When President Obama came into office, the US economy was declining so swiftly many were fearful that the economic situation would develop into a second Great Depression. The Obama administration managed to get Congress to permit a relatively small fiscal stimulus program. (A larger stimulus package was seen by many in Washington as causing too great an increase in the total federal debt and thereby too burdensome for future generations.) The result of the small Obama fiscal stimulus program was that the economy did not collapse into another great depression that many had foreseen. From hindsight it is clear that the size of the Obama stimulus was too small to provide sufficient stimulus to restore prosperity.
People like Professor Cowen or Mitt Romney do not understand that if we were to develop a large fiscal stimulus program around a needed national infrastructure rebuilding, we could restore prosperity and confidence in the future of the American economy and simultaneously contribute to significantly improving our future standard of living. If the federal government were to let contracts for at least $1 trillion to private enterprise to rebuild failing highways, bridges, municipal water and sewage systems, and provide resources for our shrinking public and higher education systems, the entrepreneurial expectations of continuously ringing cash registers as firms are awarded these government contracts would quickly restore entrepreneurial confidence. The profit opportunities made available by this large government spending program would encourage firms to hire more workers and buy materials needed from other US firms.
The number of unemployed workers would shrink substantially. When these newly hired workers go out and spend their wages to rebuild their households and lives, the confidence of US retailers would immediately surge as these additional customers were breaking down the doors to get at the merchandise on the shelves.
Perhaps someone should teach Tyler Cowen and presidential candidate Romney the basic economic principle that nothing will build confidence of business firms and workers quicker than the continuous ringing of cash registers.
And there's more they don't want us to know.

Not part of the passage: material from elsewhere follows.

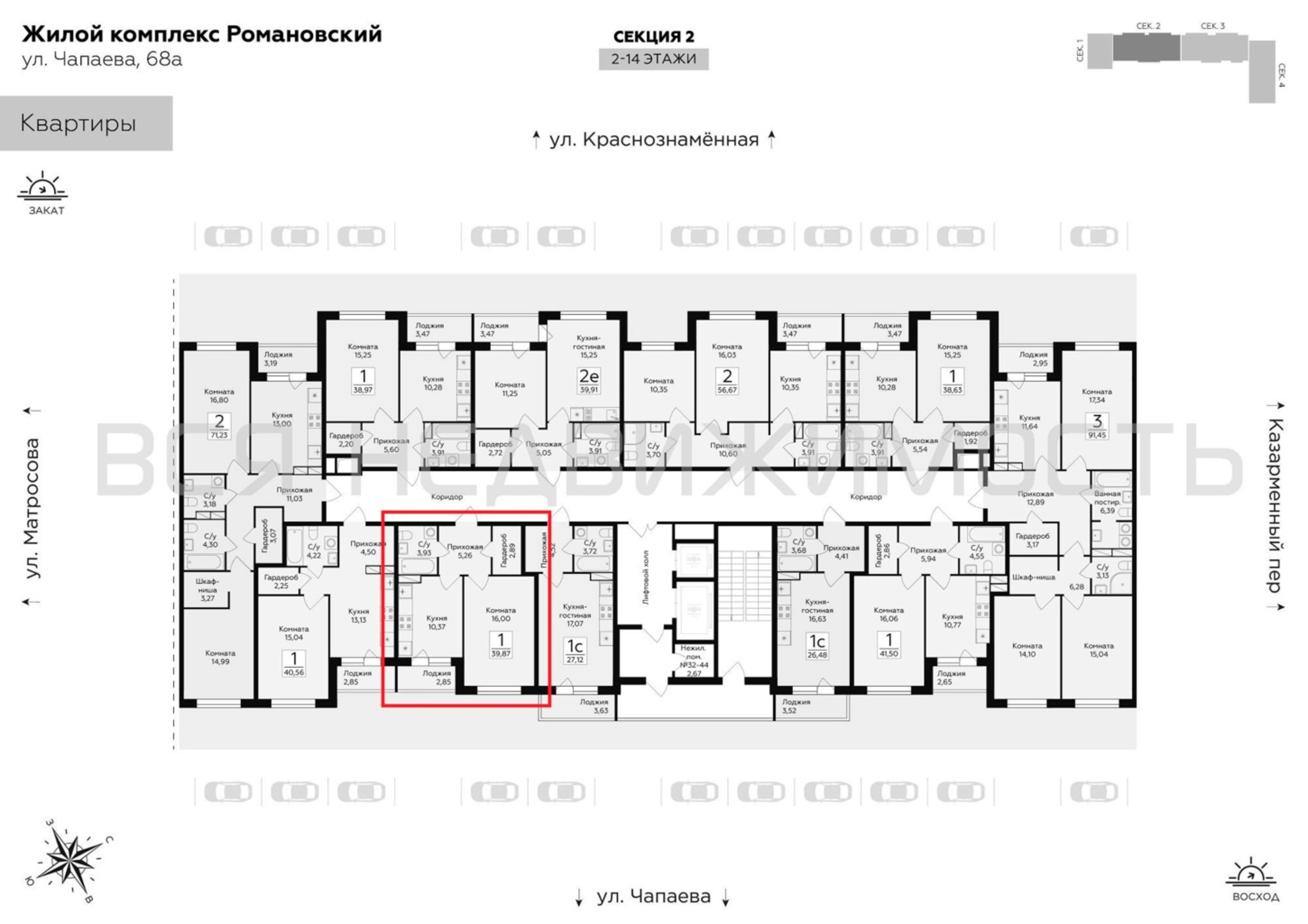 1-комнатная квартира, 39.87 м² 2/14 этаж ID объекта 100103225

The fact is that even if this large, needed Keynesian stimulus spending were financed by large federal deficits, we would not be impoverishing our children. Instead we would be investing in the future of our children by providing them with an adequate educational system so they could be qualified to take on future productive hi-tech jobs. Restoring our infrastructure facilities makes it easy and inexpensive to bring goods to market, and it allows us to have safe, sanitary living conditions for enjoying a good life. These are the things that contribute to the productivity, health and happiness of our children. Not economic fairy tales.
Paul Davidson is the author of "The Keynes Solution: The Path to Global Economic Prosperity" and the editor of the Journal of Post Keynesian Economics.